Moxie uses a simple software interrupt instruction (swi) to implement
system calls. The swi instruction creates a call frame on the stack
and then jumps to a global exception handler routine. The exception
handler for moxie-uClinux switches to the kernel stack before jumping to
the relevant kernel routine. Returning from an exception becomes a
simple ret instruction because we have a nice call frame on our stack.
Very simple.
vfork(), a kludge that was ejected from posix, but is still required
for MMU-less uClinux ports, throws this for a loop. The vfork system
call creates a child process that shares memory with the parent,
including a shared stack. This means that the vfork system call
returns twice on the shared stack: once for the child, and then again
for the parent. The problem is that the child, once returned, is going
to write over the swi call frame on the shared stack as it continues
to do work. This sends the parent off into randomland when it eventually
returns using the corrupted call frame.
Actually, it's not just the swi call frame. There's also the vfork()
stack frame from the C library to worry about.

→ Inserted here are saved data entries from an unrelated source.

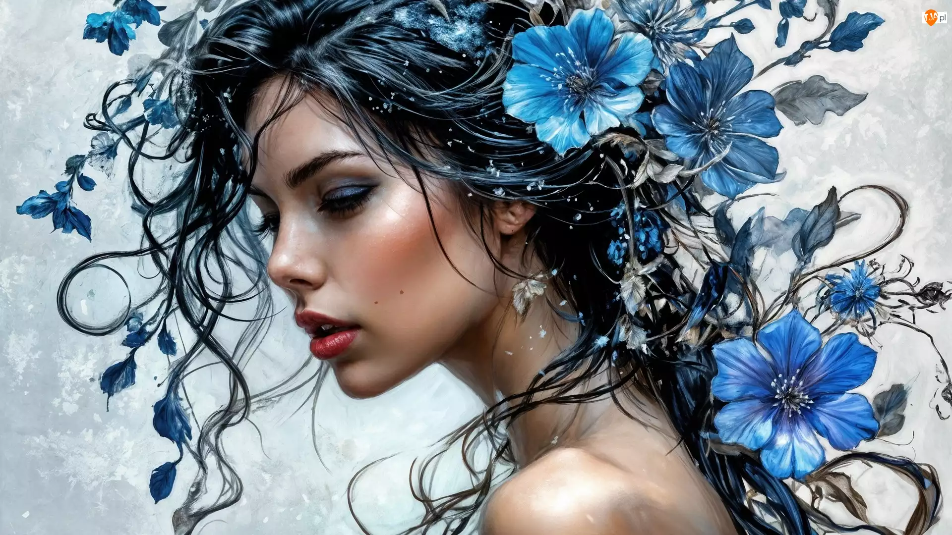 Brunetka, Ciemne, Grafika, Dziewczyna, Kwiaty, Niebieskie, Włosy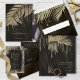 Opte por um olhar de Velho Glama de Hollywood usando as peças nesta suíte de casamento como mostrado, com joias em cascata das folhas de palma enrugadas de diamante, ou apague as camadas de joias para um olhar um pouco mais conservador. Esse conjunto apresenta em dourado cercado sobre fundo texturizado a rica cor do café preto. A placa de papel do casamento mostrada aqui tem uma borda de folhas cintilantes, uma mensagem pessoal de 'Obrigado' e os nomes da noiva e do noivo e a data do casamento. Insira facilmente seus detalhes usando o modelo fornecido. Veja o link de coleção nesta página para ver todos os itens correspondentes neste conjunto bonito ou ID830 de pesquisa para ver opções de cor adicionais para este design.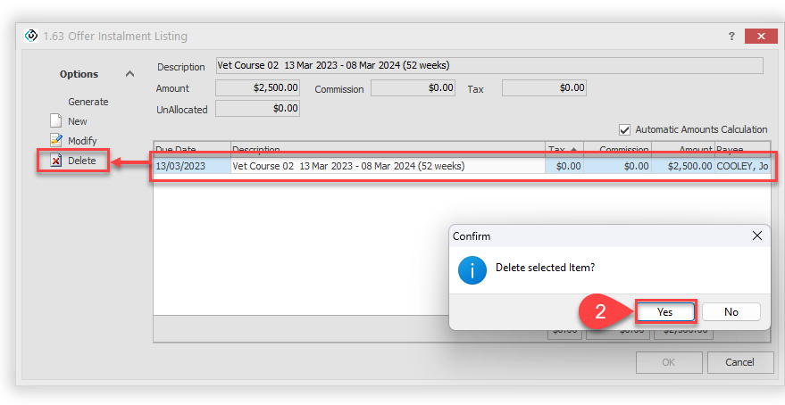 (Optional) You can delete an instalment by selecting the instalment and then clicking on Delete.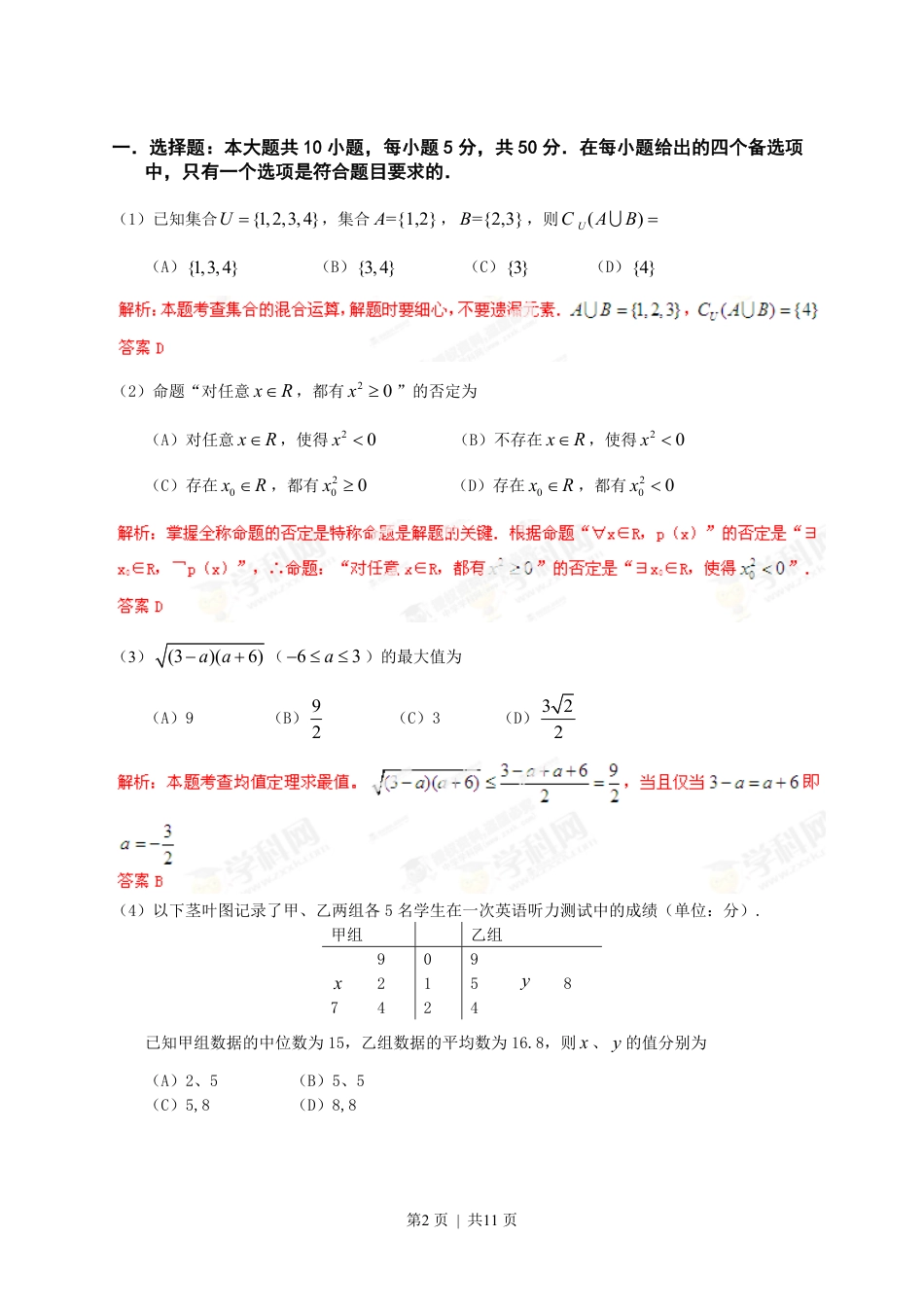 第1页|共11页革,有利于体现新课改精神。第2页|共11页一.选择题:本大题共10小题,每小题5分,共50分.在每小题给出的四个备选项中,只有一个选项是符合题目要求的.(1)已知集合{1,2,3,4}U=,集合={1,2}A,={2,3}B,则()UCAB=U(A){1,3,4}(B){3,4}(C){3}(D){4}(2)命题“对任意xRÎ,都有20x³”的否定为(A)对任意xRÎ,使得20x<(B)不存在xRÎ,使得20x<(C)存在0xRÎ,都有200x³(D)存在0xRÎ,都有200x<(3)(3)(6)aa-+(63a-££)的最大值为(A)9(B)92(C)3(D)322(4)以下茎叶图记录了甲、乙两组各5名学生在一次英语听力测试中的成绩(单位:分).甲组乙组909x215y87424已知甲组数据的中位数为15,乙组数据的平均数为16.8,则x、y的值分别为(A)2、5(B)5、5(C)5,8(D)8,8第3页|共11页(5)某几何体的三视图如题(5)图所示,则该几何体的体积为(A)5603(B)5803(C)200(D)240(6)若abc<<,则函数()()()()()()()fxxaxbxbxcxcxa=--+--+--两个零点分别位于区间(A)(,)ab和(,)bc内(B)(,)a-¥和(,)ab内(C)(,)bc和(,)c+¥内(D)(,)a-¥和(,)c+¥内(7)已知圆1C:22(2)(3)1xy-+-=,圆2C:22(3)(4)9xy-+-=,M、N分别是圆1C、2C上的动点,P为x轴上的动点,则PMPN+的最小值为(A)524-(B)171-(C)622-(D)17第4页|共11页(8)执行如题(8)图所示的程序框图,如果输出3S=,那么判断框内应填入的条件是(A)6k£(B)7k£(C)8k£(D)9k£(9)004cos50tan40-=(A)2(B)232+(C)3(D)221-解析:本题考查三角函数的化简求值,解题时要认真审题,仔细求解,注意三角函数恒等变换的合理运用.第5页|共11页二.填空题:本大题共6小题,考生作答5小题,每小题5分,共25分.把答案填写在答题卡相应位置上.(11)已知复数512izi=+(i是虚数单位),则z=.(12)已知na是等差数列,11a=,公差0d¹,nS为其前n项和,若1a、2a、5a成等比数列,则8S=.(13)从3名骨科、4名脑外科和5名内科医生中选派5人组成一个抗震救灾医疗小组,则骨科、脑外科和内科医生都至少有1人的选派方法种数是(用数字作答).第6页|共11页考生注意:(14)、(15)、(16)三题为选做题,请从中任选两题作答,若三题全做,则按前两题给分.(14)如题(14)图,在△ABC中,090CÐ=,060AÐ=,20AB=,过C作△ABC的外接圆的切线CD,BDCD^,BD与外接圆交于点E,则DE的长为.(15)在直角坐标系xOy中,以原点O为极点,x轴的正半轴为极轴建立极坐标系.若极坐标方程为cos4rq=的直线与曲线23xtytì=í=î(t为参数)相交于A、B两点,则AB=.三.解答题:本大题共6小题,共75分.解答应写出文字说明、证明过程或演算步骤.(17)(本小题满分13分,(Ⅰ)小问6分,(Ⅱ)小问7分)设2()(5)6lnfxaxx=-+,其中aRÎ,曲线()yfx=在点(1,(1)f)处的切线与y轴相较于点(0,6).(Ⅰ)确定a的值;(Ⅱ)求函数()fx的单调区间与极值.第7页|共11页(18)(本小题满分13分,(Ⅰ)小问5分,(Ⅱ)小问8分)某商场举行的“三色球”购物摸奖活动规定:在一次摸奖中,摸奖者先从装有3个红球与4个白球的袋中任意摸出3个球,再从装有1个篮球与2个白球的袋中任意摸出1个球,根据摸出4个球中红球与篮球的个数,设一、二、三等奖如下:奖级摸出红、蓝球个数获奖金额一等奖3红1蓝200元二等奖3红0蓝50元三等奖2红1蓝10元其余情况无奖且每次摸奖最多只能获得一个奖级.(Ⅰ)求一次摸球恰好摸到1个红球的概率;(Ⅱ)求摸奖者在一次摸奖中获奖金额X的分布列与期望()EX.第8页|共11页(19)(本小题满分13分,(Ⅰ)小问5分,(Ⅱ)小问8分)如题(19)图,四棱锥PABCD-中,PA⊥底面ABCD,2BCCD==,4AC=,3ACBACDpÐ=Ð=,F为PC的中点,AF⊥PB.(Ⅰ)求PA的长;(Ⅱ)求二面角BAFD--的余弦值.设平面FAD法向量为1111(,,),nxyz=ur平面FAB的法向量为2222(,,)nxyz=uur。由10nAF×=uruuur,第9页|共11页(20)(本小题满分12分,(Ⅰ)小问4分,(Ⅱ)小问8分)在△ABC中,内角A、B、C的对边分别是a、b、c,且2222ababc++=.(Ⅰ)求C;(Ⅱ)设32coscos5AB=,2cos()cos()2cos5ABaaa++=,求t...

This problem isn't unique to moxie. If you examine the x86 uClibc
vfork() implementation, you'll see that it stashes all the info it
needs for the return in registers that are preserved over the vfork
system call.
For moxie, I'll likely need to do the same thing in uClibc's vfork(),
but I'm also going to change the semantics of the swi instruction.
This means formalizing the notion of user mode and kernel mode. The
uClinux port already does this by convention. One of the special
registers is used to store the Linux kernel-mode stack pointer. The
swi instruction will be changed to immediately switch stacks and push
the userland return info onto the non-shared kernel stack, leaving the
shared user stack completely untouched. The exception handler will have
a bit more house keeping to do, but vfork() should work.